--- Data excerpt Enclosed Below ---

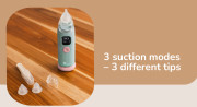 „NasoClear“ siūlo tris siurbimo režimus, kuriuos galima lengvai pritaikyti pagal jūsų vaiko poreikius. Nuo švelnaus siurbimo naujagimiams iki intensyvesnio siurbimo vyresniems vaikams – prietaisas efektyviai šalina nosies sekretą. Aspiratorius komplektuojamas su trimis skirtingais antgaliais: moliūgo formos antgaliu naujagimiams, tiesiu antgaliu seklioms vietoms ir kampuotu antgaliu vyresniems nei dvejų metų vaikams. Tokiu būdu vienu prietaisu gali naudotis broliai ir seserys, išlikdami higieniški ir saugūs. Tėvai gali būti tikri, kad ras tinkamą režimą ir sprendimą kiekvienai situacijai, todėl NasoClear yra esminė kasdienės vaikų priežiūros priemonė.
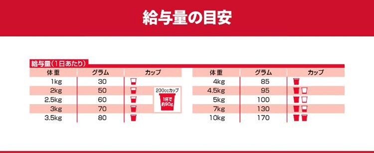 給与量(体重とグラム数)1kg:30g、2kg:50g、2.5kg:60g、3kg:70g、3.5kg:80g、4kg:85g、4.5kg:95g、5kg:100g、7kg:130g、10kg:170g(200ccカップ1杯で約90g)
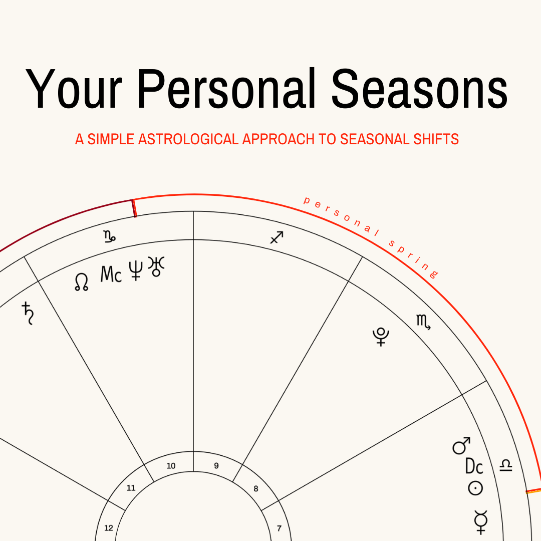 Your Personal Seasons is a tool is to help you get curious and tune into your yearly rhythms, taking a cue from your natal chart’s blueprint. This 10-page guide includes a instructions for a simple 1 page layout for your personal seasons, tables for Solar Seasons and Houses, a guide to House qualities, and prompts for reflections.

--- End of Enclosed Data excerpt ---

• Directions: Return the complete data unchanged and include none of the pictures.

• Task output:
 „NasoClear“ siūlo tris siurbimo režimus, kuriuos galima lengvai pritaikyti pagal jūsų vaiko poreikius. Nuo švelnaus siurbimo naujagimiams iki intensyvesnio siurbimo vyresniems vaikams – prietaisas efektyviai šalina nosies sekretą. Aspiratorius komplektuojamas su trimis skirtingais antgaliais: moliūgo formos antgaliu naujagimiams, tiesiu antgaliu seklioms vietoms ir kampuotu antgaliu vyresniems nei dvejų metų vaikams. Tokiu būdu vienu prietaisu gali naudotis broliai ir seserys, išlikdami higieniški ir saugūs. Tėvai gali būti tikri, kad ras tinkamą režimą ir sprendimą kiekvienai situacijai, todėl NasoClear yra esminė kasdienės vaikų priežiūros priemonė.
 給与量(体重とグラム数)1kg:30g、2kg:50g、2.5kg:60g、3kg:70g、3.5kg:80g、4kg:85g、4.5kg:95g、5kg:100g、7kg:130g、10kg:170g(200ccカップ1杯で約90g)
 Your Personal Seasons is a tool is to help you get curious and tune into your yearly rhythms, taking a cue from your natal chart’s blueprint. This 10-page guide includes a instructions for a simple 1 page layout for your personal seasons, tables for Solar Seasons and Houses, a guide to House qualities, and prompts for reflections.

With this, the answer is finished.